Researchers at the University of Navarra in Spain have launched RNACOREX, an open-source software that uncovers hidden genetic networks in cancer tumors. The tool analyzes thousands of molecular interactions and predicts patient survival with clarity rivaling advanced AI systems. Tested on data from 13 cancer types, it provides interpretable insights to advance cancer research.
Researchers from the University of Navarra have introduced RNACOREX, a new open-source platform designed to reveal the complex genetic networks underlying cancer. Developed at the Institute of Data Science and Artificial Intelligence (DATAI) in collaboration with the Cancer Center Clínica Universidad de Navarra, the software integrates data from international biological databases with gene expression information to identify key miRNA-mRNA interactions.
These interactions form regulatory networks that influence tumor behavior and patient outcomes. As Rubén Armañanzas, head of the Digital Medicine Laboratory at DATAI and a lead author, explains, "Understanding the architecture of these networks is crucial for detecting, studying, and classifying different tumor types. However, reliably identifying these networks is a challenge due to the vast amount of available data, the presence of many false signals, and the lack of accessible and precise tools capable of distinguishing which molecular interactions are truly associated with each disease."
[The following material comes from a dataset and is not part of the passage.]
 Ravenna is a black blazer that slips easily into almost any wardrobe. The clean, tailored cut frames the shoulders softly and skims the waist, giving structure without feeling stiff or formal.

RNACOREX addresses these issues by building probabilistic models from ranked interactions, offering a clear molecular map of tumor function. Evaluated using data from The Cancer Genome Atlas (TCGA) consortium, the tool was applied to 13 cancer types, including breast, colon, lung, stomach, melanoma, and head and neck tumors. It predicts survival with accuracy comparable to sophisticated AI models but stands out for its interpretable explanations.
Aitor Oviedo-Madrid, first author and a researcher at DATAI, notes, "The software predicted patient survival with accuracy on par with sophisticated AI models, but with something many of those systems lack: clear, interpretable explanations of the molecular interactions behind the results." Beyond predictions, RNACOREX identifies shared molecular patterns across tumors and highlights biomedically relevant molecules, potentially aiding in new hypotheses for diagnostics and treatments. Oviedo-Madrid adds, "Our tool provides a reliable molecular 'map' that helps prioritize new biological targets, speeding up cancer research."
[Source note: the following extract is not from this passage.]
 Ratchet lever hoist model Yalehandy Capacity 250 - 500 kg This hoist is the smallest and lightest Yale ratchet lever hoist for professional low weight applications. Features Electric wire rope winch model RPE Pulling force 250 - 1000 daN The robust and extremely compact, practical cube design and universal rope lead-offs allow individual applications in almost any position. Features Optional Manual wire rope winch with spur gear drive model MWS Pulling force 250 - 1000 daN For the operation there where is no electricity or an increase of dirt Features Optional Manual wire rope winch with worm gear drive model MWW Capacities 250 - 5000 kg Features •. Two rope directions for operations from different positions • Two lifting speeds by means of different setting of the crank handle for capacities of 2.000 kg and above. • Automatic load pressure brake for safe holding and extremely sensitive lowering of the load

Published in PLOS Computational Biology in 2025 (DOI: 10.1371/journal.pcbi.1013660), RNACOREX is available on GitHub and PyPI, with automated database tools for easy integration. Funded partly by the Government of Navarra's ANDIA 2021 program and ERA PerMed JTC2022 PORTRAIT, the project emphasizes explainable AI in genomics. Armañanzas states, "As artificial intelligence in genomics accelerates, RNACOREX positions itself as an explainable, easy-to-interpret solution and an alternative to 'black-box' models, helping bring omics data into biomedical practice."
Future expansions include pathway analysis and additional molecular layers to better model tumor progression, supporting precision cancer medicine.